В отличие от моих соседей по общежитию, мне плевать на наследников и на то, чтобы они меня приняли. Я не хочу иметь ничего общего с ними, их соперничеством и тем дерьмом, которое они устраивают на территории кампуса. И я особенно не хочу иметь ничего общего с четырьмя братствами, которые правят школой и используют кампус как свою личную площадку для игр, в то время как остальные из нас просто пытаются получить диплом и убраться отсюда целыми и невредимыми.
Кампус буквально разделен на четыре сегмента, в каждом из которых находится по одному братству. Неважно, что еще находится в этой зоне; братства полностью контролируют окружающую территорию и могут делать все, что им вздумается. Это одна из причин, по которой мы называем братства «Четырьмя углами» и почему я ненавижу находиться на территории кампуса — никогда не знаешь, когда можешь оказаться втянутым в дела братств.
Моим квадратом управляют «Короли». Я испытываю к ним особую ненависть по сравнению с тремя другими братствами, и не только потому, что я застрял на их территории.
Самое безумное в братствах — это то, что даже люди, которые учатся здесь, не знают, как они на самом деле называются. Имена, которые мы используем, такие как «Короли», — это прозвища, которые братства дали себе после своего основания. Их официальные названия настолько секретны, что только члены братств знают, как они называются.
Они также невероятно эксклюзивны, принимая только несколько студентов в год. И хотя их называют братствами, они не функционируют как братства, о которых я слышал.
По сути, это закрытые, не такие уж и секретные общества, основанные самыми элитными семьями первых студентов, поступивших в эту школу. Их цель — не только отделить своих детей от остальных студентов, которых они считают низшими, но и дать им площадку, где они могут делать все, что им вздумается, и практиковаться в том, как будет выглядеть их жизнь, когда они выйдут в реальный мир.

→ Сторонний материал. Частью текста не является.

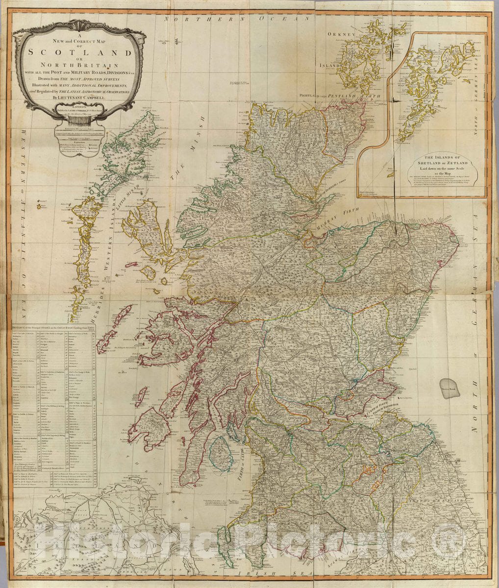 Historic Wall Map : (Composite of) A New and Correct map of Scotland or North Britain with All The Post and Military Roads, divisions & ca, 1794 Atlas -

Это означает, что такие вещи, как убийства, похищения, пытки, грабежи и другие формы насилия, не только являются обычным явлением в школе, но и принимаются, если родители преступников или выпускники братства могут успешно это скрыть.
Никто другой не имеет таких привилегий, и мы просто живем в их мире и стараемся не ввязываться в их дела, чтобы не стать побочным ущербом.

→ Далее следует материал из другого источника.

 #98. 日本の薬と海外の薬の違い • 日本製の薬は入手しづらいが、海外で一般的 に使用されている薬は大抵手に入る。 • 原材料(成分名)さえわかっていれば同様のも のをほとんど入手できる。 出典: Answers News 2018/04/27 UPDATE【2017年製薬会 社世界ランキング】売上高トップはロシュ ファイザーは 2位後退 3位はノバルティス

По крайней мере, такова моя стратегия. Многие студенты готовы на все, чтобы быть принятыми в братства, и они относятся к их членам как к богам среди нас. Если член братства чего-то хочет, он это получает, и все с радостью бросаются ему на помощь, надеясь завоевать его благосклонность.
Королевские создатели, или Короли, как мы их теперь называем, были первым братством, которое было основано, и их члены происходят из старинных богатых семей. Это семьи, которые происходят из аристократии, и их безумное богатство насчитывает не одно поколение, а целые столетия. Большинство из них могут проследить свои корни до какой-то королевской семьи, и они цепляются за эти связи, как будто это делает их особенными в современном мире.
Мятежники — второе по влиятельности братство, которое люди боятся больше всего. Его члены — это список самых влиятельных бизнесменов прошлого века, и с каждым поколением они становятся все богаче и могущественнее. Они также являются братством, имеющим наибольшие связи с черным рынком и организованной преступностью, но поскольку они богаты и влиятельны и используют политиков как марионеток, они как тефлон, и ничто не может прилипнуть к ним ни в реальном мире, ни на территории кампуса.
В отличие от Королей, которые тратят деньги, чтобы получить то, что хотят, Мятежники не боятся запачкать руки, и всем известно, что разозлить Мятежника — лучший способ разрушить не только свою жизнь, но и жизни всех, кого ты знаешь.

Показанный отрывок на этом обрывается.